With Google’s abdication of web indexing, your humble blogger is left to index their archives themselves. Dear reader, I’m terrible at this. If only you could see the horror of my Google Docs folder. I periodically force myself to collect draft documents in the hope that this archiving will be useful for later final projects. This blog, which I consider a public repository of first drafts, is no exception. If you use the Substack app or only get argmin by email, you probably never see the doors to the archives. But since I was trying to collect my posts this week, I thought some of you might enjoy a tour.
I used to run this blog through github, and all of those old posts are still around, but now you have to append “archives” to the URL: archives.argmin.net.
If you go to argmin.net and scroll down a bit, you’ll see a link here:
I can’t figure out how to convince the Substack CMS to put this link higher on the page. Oh well. It’s also linked on the “About” page that no one visits. Regardless, the whole Jekyll blog structure remains intact at the link. If, for example, you wanted to read my survey of reinforcement learning for control applications, it’s here in all of its glory. I still get requests for these old posts and have tried to make them easy to find. Google, of course, refuses to reindex them. Oh well!!1
On the top banner, I have some other links to Substack posts I’ve collected thematically.
My course lecture blogging has its own tab, and each course has its own webpage. You can revisit, for example, my original live blogging of my graduate machine learning class in 2023.
I also have collected some posts into themes. An index of my Meehl blogging is linked there. These remind me that I need to find someone else’s class to blog through next summer. It’s fun and I highly recommend it. If you still lurk around on Twitter, you should follow Damek Davis, who is tweeting through Percy Liang’s “Language Models from Scratch” class, which has been an incredible public service.
As I mentioned at the start, I was trying to figure out how to collect the blogs I’ve written this summer into themes, and I’m not sure any theme has been coherent enough to warrant its own page. But here’s my attempt at collecting them.
A prominent theme this summer was forecasting. I wrote three posts (post 1, post 2, post 3) introducing the defensive forecasting survey I wrote with Juanky Perdomo. I followed this up with a post on the politics of forecasting. I also wrote about methodological challenges in forecasts, like when hedge funds try to convince people they have secret AI sauce but have just reinvented local weighted averaging. And though my post isn’t explicitly about forecasting, I did write about that METR study that compared forecasts to measurements of AI productivity gains. Though more about machine learning in general, last week’s post on why it’s hard to “prove” unpredictability fits into this theme.
I also found myself writing a lot of academic navel gazing. There were about ten posts about scientific culture and gatekeeping. I had a fun four-post series on the history of academic computer science. I read through Louis Fein’s pitch to the ACM to create computer science departments and how computer scientists created a mythology around the field’s origins. I also looked into how Fein was written out of the history of CS, and how his speculative vision for the future of computer science was boring and bureaucratic.
I wrote about scientific communal notions of validity and how they are more cultural style guides than divining rods of epistemological truth. I read Neil Postman’s “Social Science as Moral Theology,” which partially explains why social science feels the need to rest its rhetoric so heavily on quantitative constructs.2 I tried to thread the needle between how expertise is created and curated communally by academics but that doesn’t necessitate our current broken system of pre-publication peer review. And on a theme I want to revisit soon, I wrote about how metaanalysis of statistical significance is deeply confounded by the complex dynamic feedback mechanisms of academic expertise creation. In fact, the more I look into crises in science, the more I find that science has always been a mess. Trying to gatekeep that mess is and has been largely unproductive.

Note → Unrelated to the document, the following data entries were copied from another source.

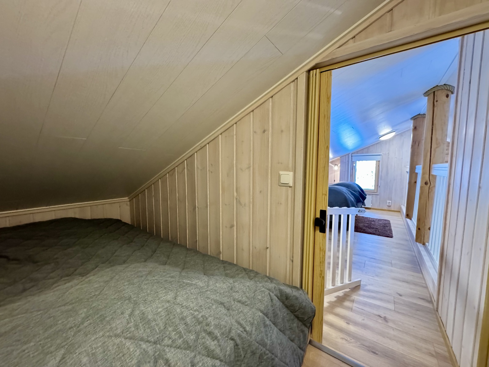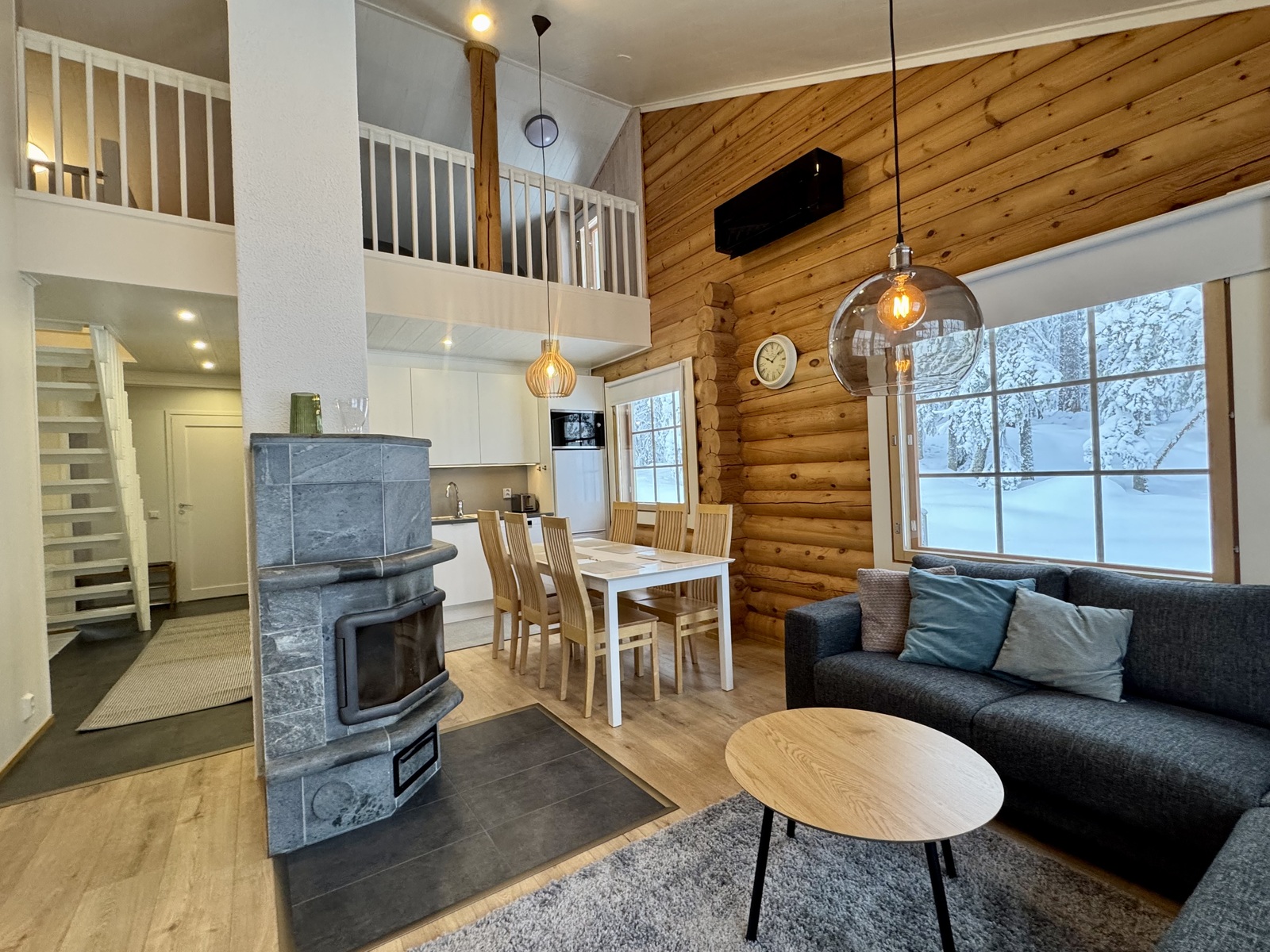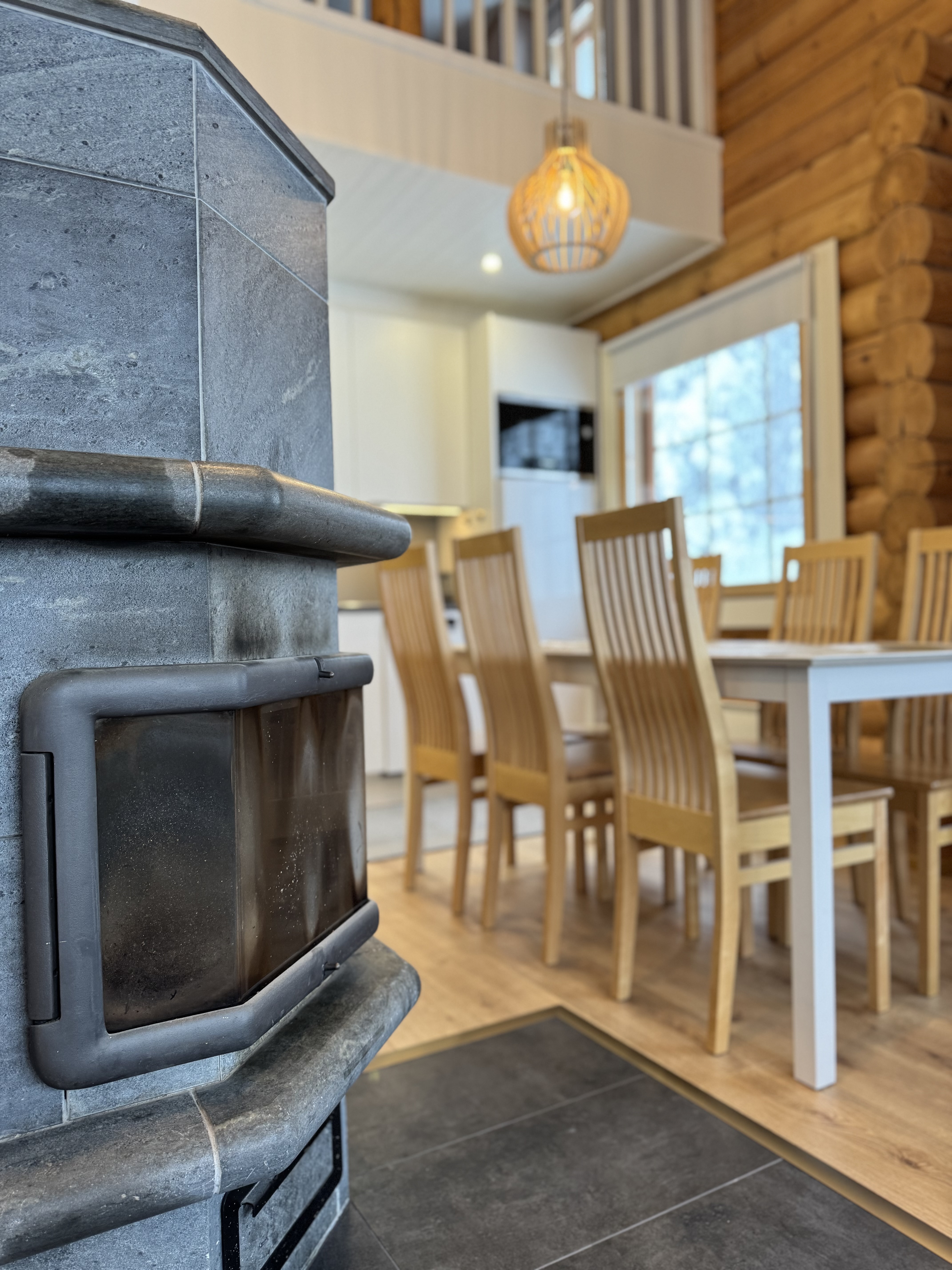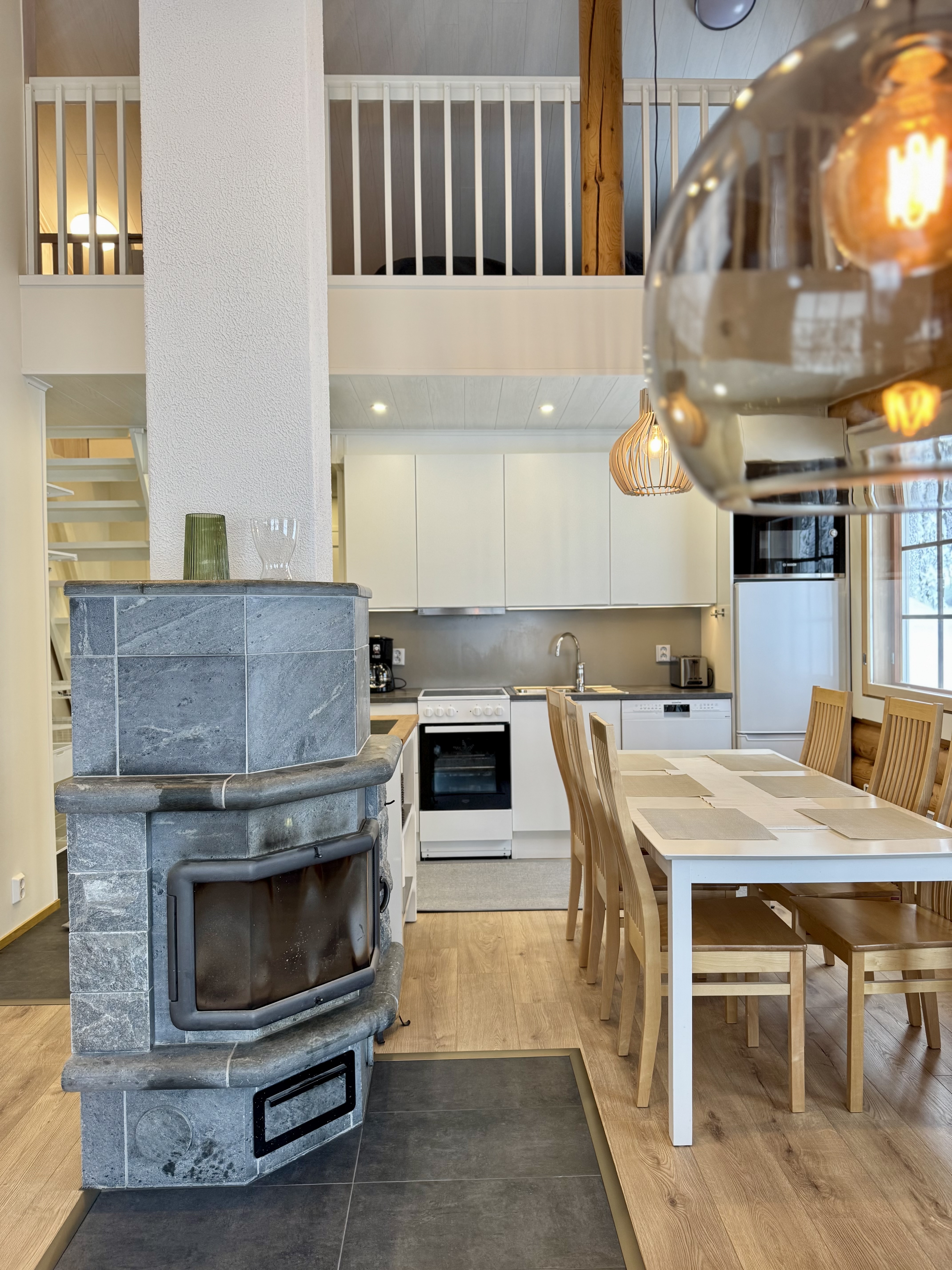 2026 uudet vinyylilattiat sekä laatoitus eteinen sekä takan edestä. Seinien levytys ja maalaus. Katto MDF - paneeli, parven kaiteiden ja portaikon maalaus, seinien valkokuulto.
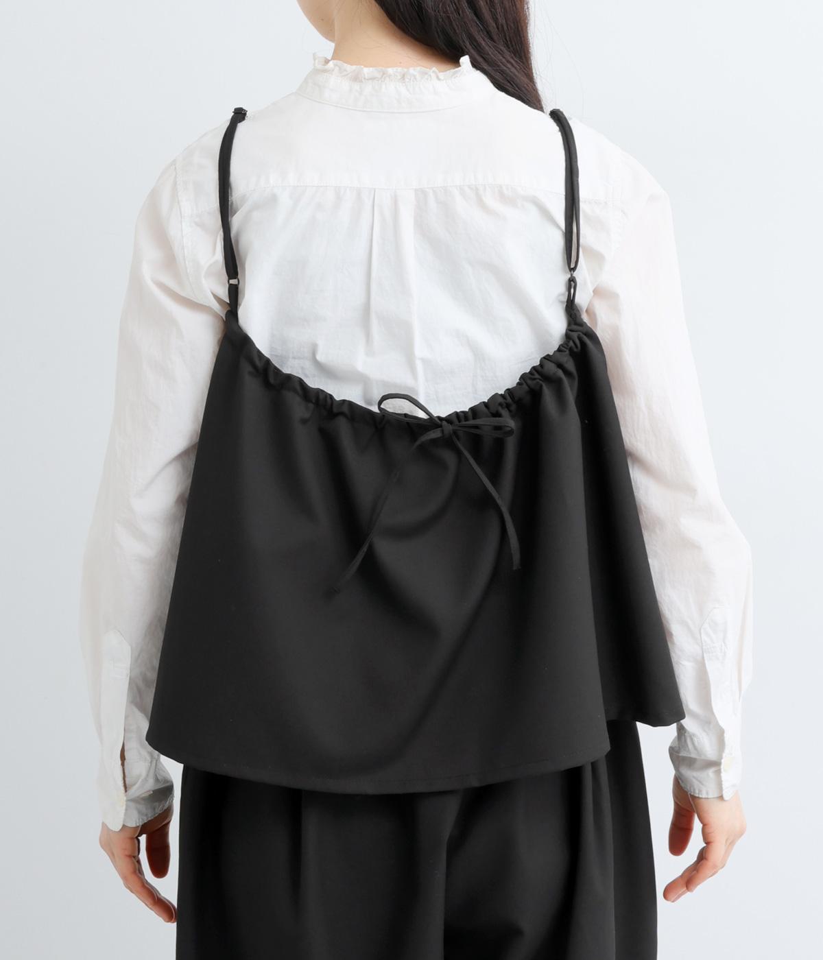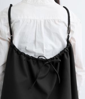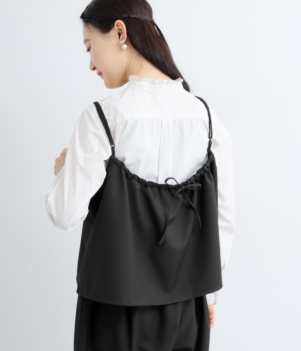 すっきりとしたフロントデザインに、バックのリボンがほどよい甘さを添えるキャミソール。丈の調節ができるホルダーつきなので、ワンピースやトップスとのレイヤードなど、着こなしの幅が広がります。うしろのギャザーはゴム仕様で、着脱のしやすさと着心地も◎。およばれのシーンにもおすすめな一枚です。
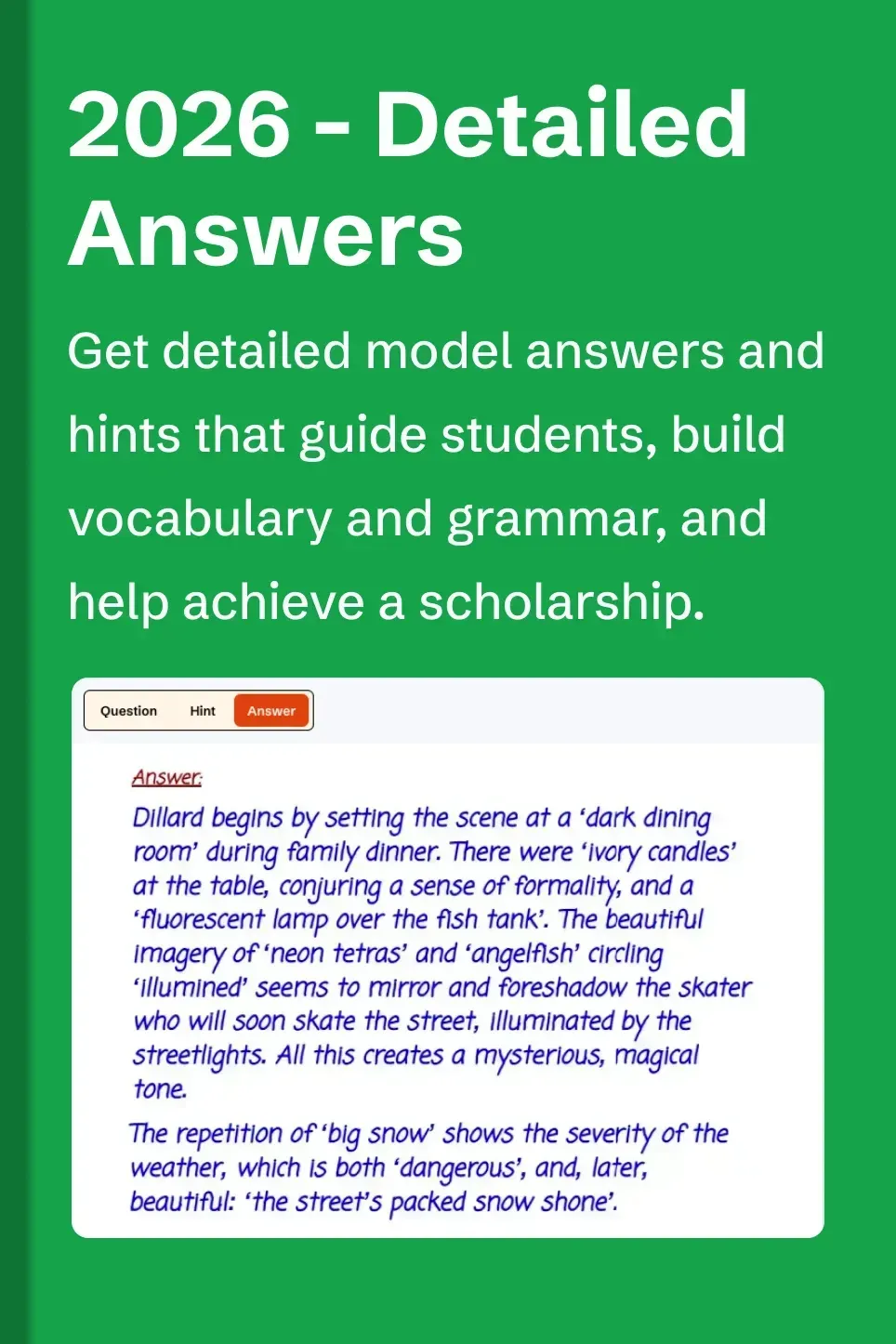 - Get detailed creative writing plans & model answers.
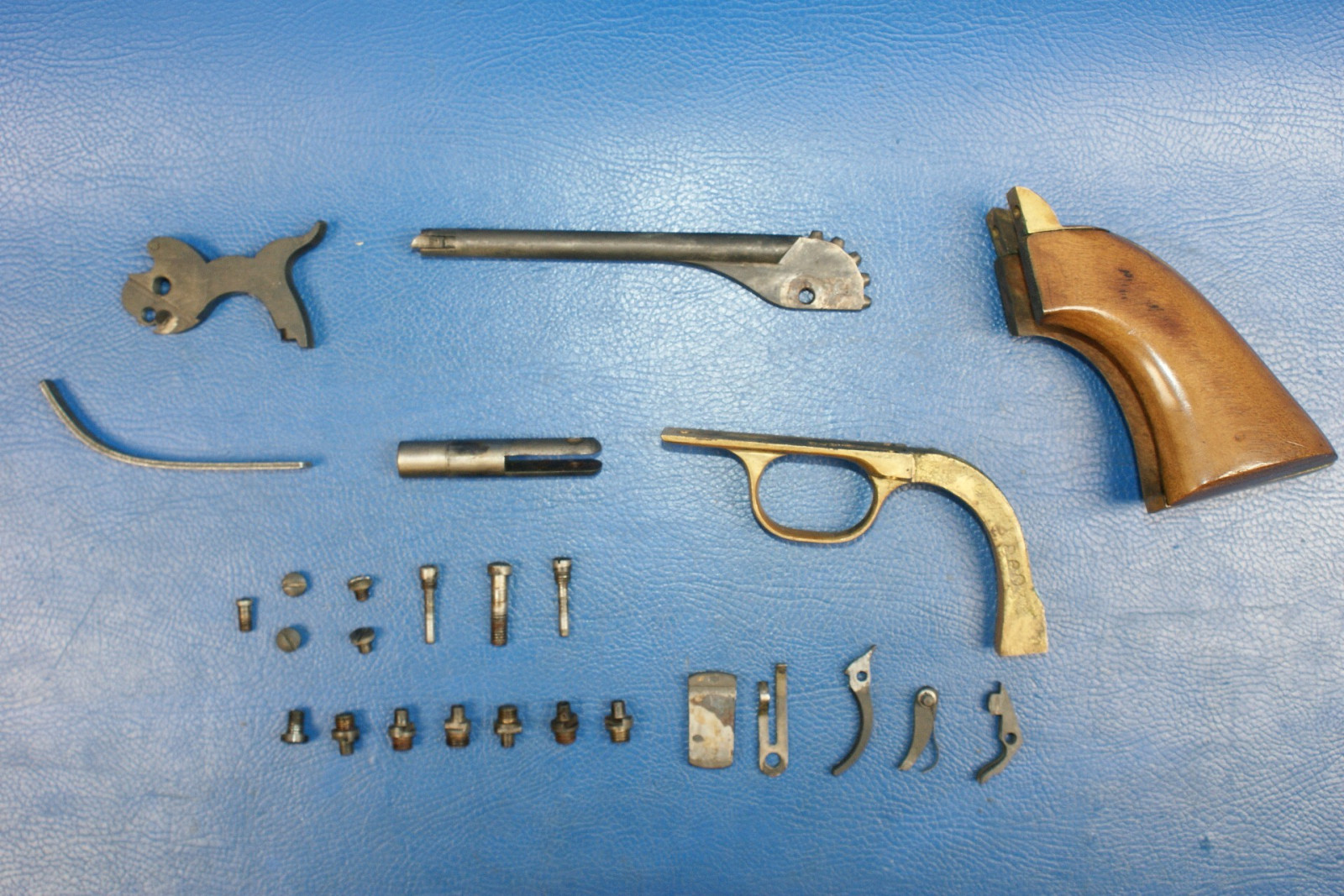 Ausgeschlachteter Revolver, Teile sind auf den Fotos erkenntlich.
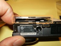 • Remove the screw on the right side, underneath the side cover. The side cover is attached to the camera by one of the screws on the bottom, and the cover should easily slide down to reveal the screw.
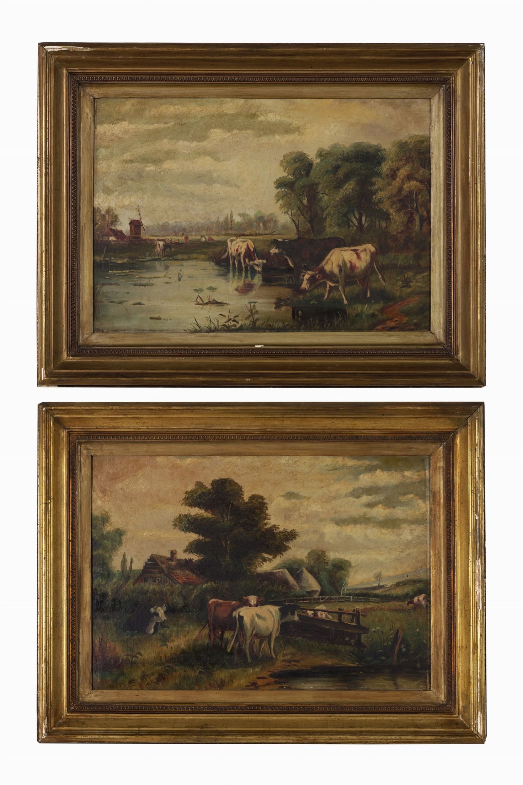 Pittore del XIX-XX secolo Coppia di paesaggi con mucche al pascolo
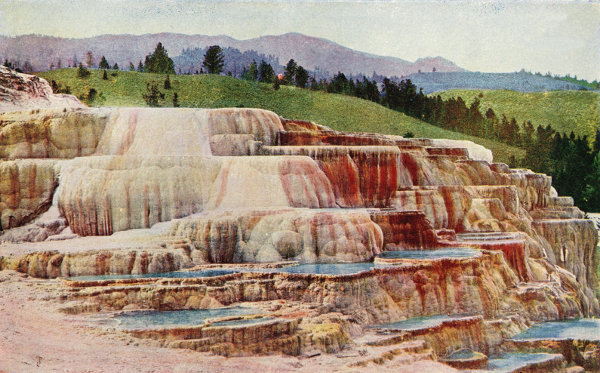 We quote again: "The river is running to the south; the mountains have an easterly and westerly trend directly athwart its course, yet it glides on in a quiet way as if it thought a mountain range no formidable obstruction to its course. It enters the range by a flaring, brilliant-red gorge, that may be seen from the north a score of miles away."

Finally, and I suppose quite thematically related, I spent a lot of time on the state of academic machine learning. I worry about its focus on bureaucratic (and statistical) gatekeeping rather than open data and models. I asked what it would take for academics to re-engage with fully open generative AI. A third post tried to tie this argument together. These posts have me doing a lot of soul searching about my research future.
Housekeeping note: I’ll be traveling for the next couple of weeks and won’t be posting while I'm away. I’ll be back the first week of August. I have a queue of ideas for what I want to write that I’ll get back to when I return, and hopefully they won’t be too outdated by then. The discourse moves fast these days! I’ll see you in August.
Rereading these, I wonder if I should write a 2025 version of this surveying the role of “RL” in language modeling. I’m sort of thinking I should. It at least deserves a blog post!
Though not from this summer, this post about Healy and Fourcade’s The Ordinal Society is closely related.
Maybe worth mentioning the Meehl series, which I thought was especially strong and interesting?
I didn't understand your first sentence. What exactly did Google do earlier that it's not doing now? What do you mean by (being left to) 'index their archives themselves'?